UNESDA está instando a las instituciones de la UE a acelerar la orientación sobre el Reglamento de Envases y Residuos de Envases, advirtiendo que las normas no resueltas sobre PFAS, envases agrupados y reutilización podrían interrumpir la inversión y las operaciones.
La industria de bebidas refrescantes de Europa pide claridad regulatoria urgente
La Regulación de la UE sobre Envases y Residuos de Envases (PPWR) se acerca a su aplicación el 12 de agosto de 2026. Según UNESDA Soft Drinks Europe, las empresas siguen inseguras sobre varios requisitos clave de cumplimiento a solo cinco meses de la entrada en vigor de la ley, lo que genera preocupación creciente en las cadenas de suministro de envases de bebidas.

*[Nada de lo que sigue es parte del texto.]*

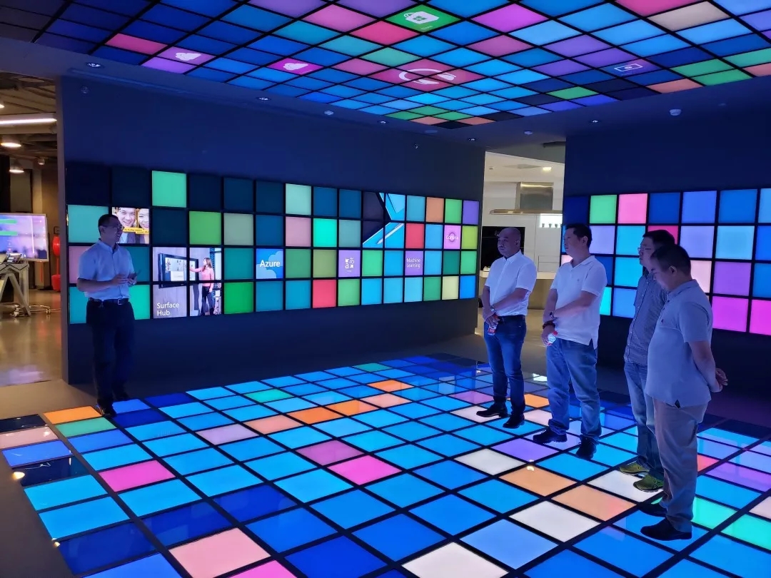2019年7月10日龍采企業董事長楊春波、龍采科技集團信息管理總裁兼企劃宣傳總裁姚響、百度項目總裁佘偉、龍采科技集團產品運營總裁黃能一行受邀參觀微軟中國總部。

El sector afirma apoyar la ambición de la UE de acelerar la circularidad y mejorar el desempeño ambiental de los envases. En los últimos años, los productores de bebidas han invertido mucho en formatos reciclables, sistemas de devolución de envases, contenido reciclado y modelos de reutilización. UNESDA señala que sus miembros corporativos ya han alcanzado, o están cerca de alcanzar, objetivos de reciclabilidad del 100% para sus envases. También destaca que 16 países de la UE ya operan un Sistema de Devolución de Envases, y se espera que más se sumen a medida que la infraestructura crezca. Además, el sector indica que el 51,7% del PET usado en botellas de plástico en 2024 fue PET reciclado, superando ya su objetivo para 2025 y alineándose con los objetivos obligatorios de la UE sobre plásticos de un solo uso.
A pesar de estos avances, la asociación sostiene que la implementación de la PPWR se está convirtiendo en un riesgo operativo. Las empresas necesitan certeza para planificar inversiones, rediseñar envases, asegurar el suministro de materiales y adaptar las líneas de producción. Sin una orientación oportuna, las empresas corren el riesgo de retrasos, costos adicionales y menor competitividad. UNESDA advierte que solo los avisos legales pueden no ser suficientes para resolver las preguntas prácticas que aún rodean la regulación.
Tres áreas se consideran particularmente urgentes
La primera es la prohibición de PFAS. Aunque se espera que la Comisión Europea adopte un enfoque pragmático, la industria señala que aún no existe una metodología armonizada de la UE para PFAS en envases en contacto con alimentos. Si los Estados miembros aplican interpretaciones diferentes, las empresas podrían enfrentar fragmentación en el Mercado Único, complicando el cumplimiento y el comercio transfronterizo.
El segundo tema es el envase agrupado de plástico de un solo uso. No se espera una guía antes de 2027, aunque el plazo relevante de la PPWR es 2030. UNESDA argumenta que esto deja muy poco tiempo para que las empresas se adapten. Afirma que las empresas necesitan saber qué tipos de envases seguirán permitidos y cuáles serán prohibidos para planificar adecuadamente las inversiones. El costo de la transición podría ser sustancial, con estimaciones que sugieren que los cambios solo para el sector de bebidas refrescantes podrían superar los 2.000 millones de euros.
La tercera preocupación principal es la reutilización. Las empresas de bebidas reconocen que los sistemas reutilizables pueden ayudar a reducir los residuos de envases, pero argumentan que el marco de exenciones aún carece de claridad práctica. Algunos Estados miembros ya han logrado avances importantes mediante sistemas de recogida y reciclaje de alto rendimiento, y el sector quiere que estos logros se reflejen adecuadamente cuando se evalúen las exenciones nacionales. Con los objetivos de 2030 acercándose, las decisiones retrasadas podrían perjudicar la planificación de inversiones.
Para la industria del envase, el debate pone de manifiesto un problema más amplio: la regulación por sí sola no garantiza la circularidad a menos que esté respaldada por reglas claras y viables de implementación. Los productores de envases, convertidores, propietarios de marcas y minoristas necesitan una guía predecible para realizar cambios técnicos a tiempo y a gran escala. En el caso de los envases de bebidas, esas decisiones afectan desde la selección de materiales y los envases agrupados para transporte hasta los sistemas de recogida y la infraestructura de reutilización.
La advertencia de UNESDA aumenta la presión sobre las instituciones de la UE para que actúen más rápido. A medida que avanza la cuenta regresiva para agosto, el mensaje del sector es que la transición hacia envases circulares solo puede tener éxito si se brinda a las empresas la claridad necesaria para actuar con confianza.